Not ideal, but it does at least give her part of what she wants. Kay won’t complain. Openly. “Thank you.” She’s a southern lady and remembers her goddamn manners, thank you.

The first question elicits a little look of surprise. Kay can’t quite suppress the chuckle that comes with it. “Linderman? That’s who you wanna know about?” Running her tongue over her teeth, she sighs. “Y’all would dredge that up, wouldn’t ya.”

Tipping her head to one side, she takes a moment to consider. “T’be honest, I didn’t see the man himself all that much. I would get a phone call, telling me about a case I should try to look into, and then I’d make sure whatever needed to happen, happened.” This could be an attempt to dig up blackmail material. Somehow, miraculously, she got away with her involvement all those years ago. But if Kimiko knew, it wasn’t such a stretch that others — like Lucien here — knew.

And besides, what would the point be in this sort of blackmail anyway? He’s probably running on the assumption she’s headed to certain death once he’s finished with her. Somehow Kay doubts that Kravid’s shared her plans with him.
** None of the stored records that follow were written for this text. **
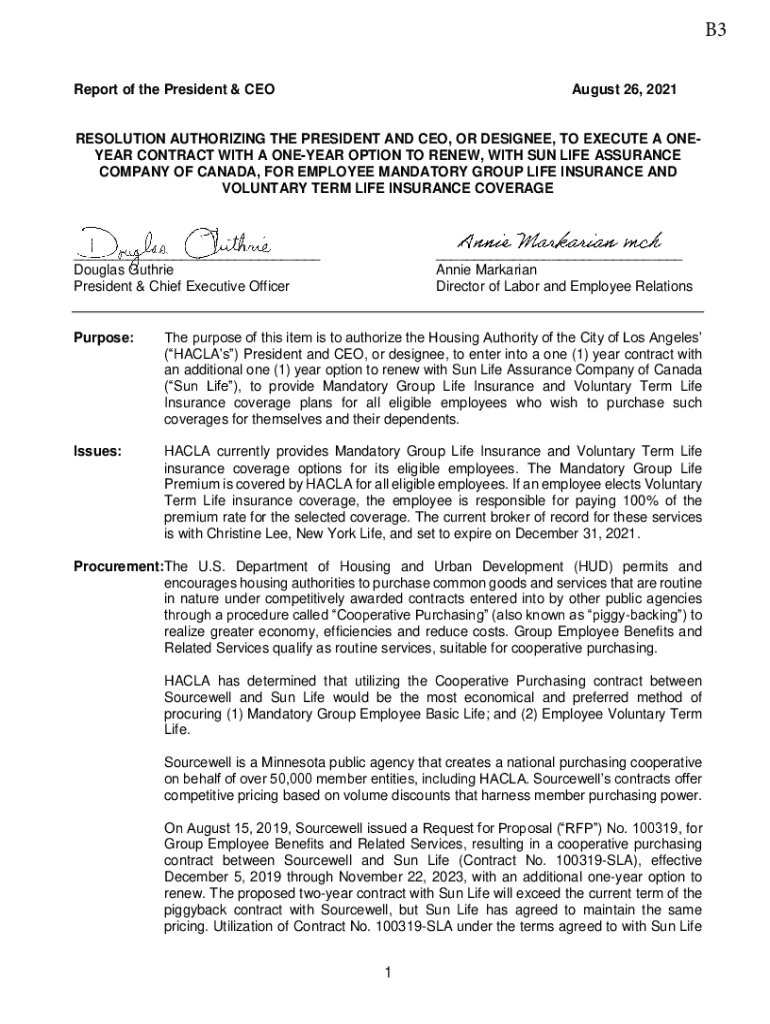 B3 Report of the President & CEO August 26, 2021RESOLUTION AUTHORIZING THE PRESIDENT AND CEO, OR DESIGNEE, TO EXECUTE A NEYMAR CONTRACT WITH A NEYMAR OPTION TO RENEW, WITH SUN LIFE ASSURANCE COMPANY
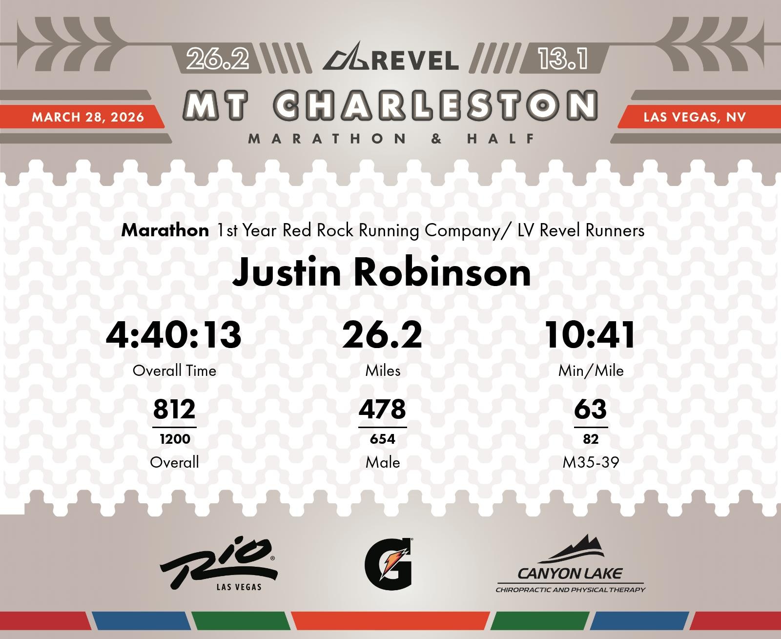 Date: March 28, 2026 Participant: Justin Robinson #3679 Race: 2026 REVEL Mt Charleston Marathon Distance: 26.2 miles Weather: Unseasonably warm. Nice running temperatures at the start.
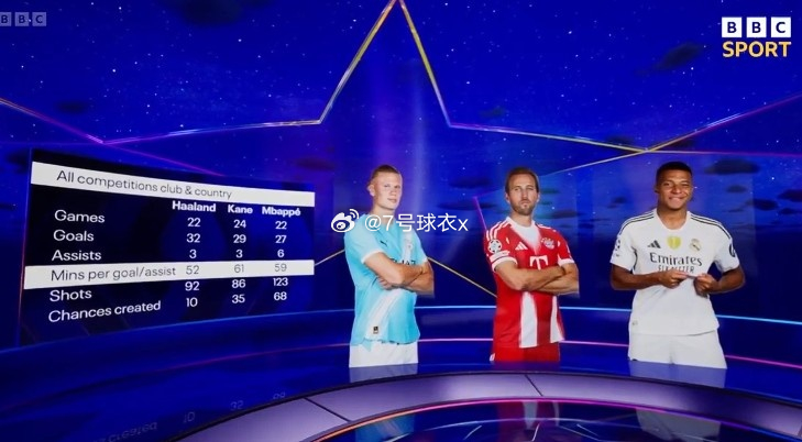 在本轮欧冠,皇马4-3击败奥林匹亚科斯,姆巴佩上演大四喜。BBC对比了姆巴佩、哈兰德、凯恩本赛季国家队+俱乐部赛事参与进球情况,具体如下:哈兰德vs凯恩vs姆巴佩比赛场次:22-24-22进球:32-29-27助攻:3-3-6平均参与进球用时:52分钟-61分钟-59分钟射门数:92-86-123创造机会:10-35-68
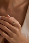 Zarafetin modern yorumuyla tanışın: Aria Ayarlanabilir Yüzük. 925 ayar gümüş üzerine altın kaplama olarak tasarlanan bu parça, geometrik kesim taş dizilimiyle hem minimal hem de dikkat çekici bir duruş sergiliyor. Ayarlanabilir yapısı sayesinde farklı parmaklara kolayca uyum sağlar. Günlük şıklığınıza zarif bir ışıltı katmak ya da özel günlerde stilinizi tamamlamak için ideal.

Then again, maybe she doesn’t have to.

“I never killed for him,” she feels the need to clarify. “That wasn’t part of my deal. He had plenty of other avenues for that.” As if that absolves her of literally anything or makes it less terrible than it was. “I saw far more of that pretty little admin of his.” Nichols got away with a lot, too.

What she neglects to go into is who her closest associate within the organization was, but she thinks it. It doesn’t show in her neutral expression, but manifests itself in the tightness of her throat when she swallows.

“If that geriatric fuck isn’t dead, then he owes me a whole lotta money.”

“I’m actually fascinated by everyone that was in the organization,” Lucien admits with a drum of his fingers over the hard surface of her arm restraint. “Daniel Linderman was one of the most influential and powerful people in the world, and yet few people realize the true extent of his machinations… I do, to an extent, but only because I’m a fan.”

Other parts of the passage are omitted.